[DATA SHOWN — start]

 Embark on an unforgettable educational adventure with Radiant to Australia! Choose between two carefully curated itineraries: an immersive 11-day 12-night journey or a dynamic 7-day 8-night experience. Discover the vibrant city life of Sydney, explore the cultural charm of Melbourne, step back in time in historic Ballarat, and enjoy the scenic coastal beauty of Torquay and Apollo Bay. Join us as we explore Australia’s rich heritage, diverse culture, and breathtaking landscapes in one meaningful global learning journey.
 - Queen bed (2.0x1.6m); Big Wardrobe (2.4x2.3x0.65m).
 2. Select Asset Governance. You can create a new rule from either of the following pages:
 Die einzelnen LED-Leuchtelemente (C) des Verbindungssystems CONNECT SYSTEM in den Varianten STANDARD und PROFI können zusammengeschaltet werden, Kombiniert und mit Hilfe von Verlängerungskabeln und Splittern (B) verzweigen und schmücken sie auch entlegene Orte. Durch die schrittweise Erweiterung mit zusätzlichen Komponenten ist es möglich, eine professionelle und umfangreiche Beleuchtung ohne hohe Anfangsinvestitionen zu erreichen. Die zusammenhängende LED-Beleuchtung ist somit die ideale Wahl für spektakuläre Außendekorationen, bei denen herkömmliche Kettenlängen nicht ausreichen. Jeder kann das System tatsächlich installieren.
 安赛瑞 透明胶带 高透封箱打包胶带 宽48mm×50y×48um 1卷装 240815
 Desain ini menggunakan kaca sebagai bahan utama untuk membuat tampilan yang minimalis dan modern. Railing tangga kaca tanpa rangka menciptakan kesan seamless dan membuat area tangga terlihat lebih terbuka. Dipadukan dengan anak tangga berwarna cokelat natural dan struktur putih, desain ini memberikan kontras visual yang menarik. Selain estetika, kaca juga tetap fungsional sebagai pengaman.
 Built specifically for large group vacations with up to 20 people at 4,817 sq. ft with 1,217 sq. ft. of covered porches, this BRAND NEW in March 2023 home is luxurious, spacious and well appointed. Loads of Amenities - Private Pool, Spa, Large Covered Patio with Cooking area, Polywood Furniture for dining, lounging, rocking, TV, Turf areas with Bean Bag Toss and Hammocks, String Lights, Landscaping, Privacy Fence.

[DATA SHOWN — finish]
[DATA SHOWN — start]

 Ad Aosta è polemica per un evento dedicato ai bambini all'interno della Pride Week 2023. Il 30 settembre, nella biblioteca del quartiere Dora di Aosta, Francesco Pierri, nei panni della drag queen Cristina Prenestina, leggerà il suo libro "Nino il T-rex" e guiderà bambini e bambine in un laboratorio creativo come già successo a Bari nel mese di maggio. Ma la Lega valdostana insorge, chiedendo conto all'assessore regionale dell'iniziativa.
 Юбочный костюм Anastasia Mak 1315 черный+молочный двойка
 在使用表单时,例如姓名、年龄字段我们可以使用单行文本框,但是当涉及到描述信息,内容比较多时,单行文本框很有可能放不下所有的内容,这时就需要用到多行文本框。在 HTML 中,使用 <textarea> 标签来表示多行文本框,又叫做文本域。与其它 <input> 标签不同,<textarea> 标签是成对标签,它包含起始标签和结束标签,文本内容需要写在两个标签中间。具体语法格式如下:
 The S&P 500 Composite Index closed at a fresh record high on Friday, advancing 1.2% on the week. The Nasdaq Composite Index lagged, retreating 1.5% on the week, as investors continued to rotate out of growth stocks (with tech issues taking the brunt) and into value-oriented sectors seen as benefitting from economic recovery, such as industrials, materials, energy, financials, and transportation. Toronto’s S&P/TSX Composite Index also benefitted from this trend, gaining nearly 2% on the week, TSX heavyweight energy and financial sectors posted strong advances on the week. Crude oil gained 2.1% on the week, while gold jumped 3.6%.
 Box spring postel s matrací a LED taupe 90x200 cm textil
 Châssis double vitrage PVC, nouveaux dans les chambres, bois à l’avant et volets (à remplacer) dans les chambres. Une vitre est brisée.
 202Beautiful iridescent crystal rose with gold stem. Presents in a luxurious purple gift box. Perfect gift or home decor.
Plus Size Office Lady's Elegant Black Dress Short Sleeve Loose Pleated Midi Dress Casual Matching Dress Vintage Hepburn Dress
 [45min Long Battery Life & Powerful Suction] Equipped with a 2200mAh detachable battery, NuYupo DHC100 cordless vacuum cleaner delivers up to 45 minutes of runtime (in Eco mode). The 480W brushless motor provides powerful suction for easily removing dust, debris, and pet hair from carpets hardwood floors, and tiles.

[DATA SHOWN — finish]

- **TRY IT**
Your answer should consist of the lines from the line with "Юбочный костюм Anastasia" to the line with "HTML 中,使用 <textarea>" above, repeated exactly, both ends included.

- **COMPLETED EXERCISE**
 Юбочный костюм Anastasia Mak 1315 черный+молочный двойка
 在使用表单时,例如姓名、年龄字段我们可以使用单行文本框,但是当涉及到描述信息,内容比较多时,单行文本框很有可能放不下所有的内容,这时就需要用到多行文本框。在 HTML 中,使用 <textarea> 标签来表示多行文本框,又叫做文本域。与其它 <input> 标签不同,<textarea> 标签是成对标签,它包含起始标签和结束标签,文本内容需要写在两个标签中间。具体语法格式如下:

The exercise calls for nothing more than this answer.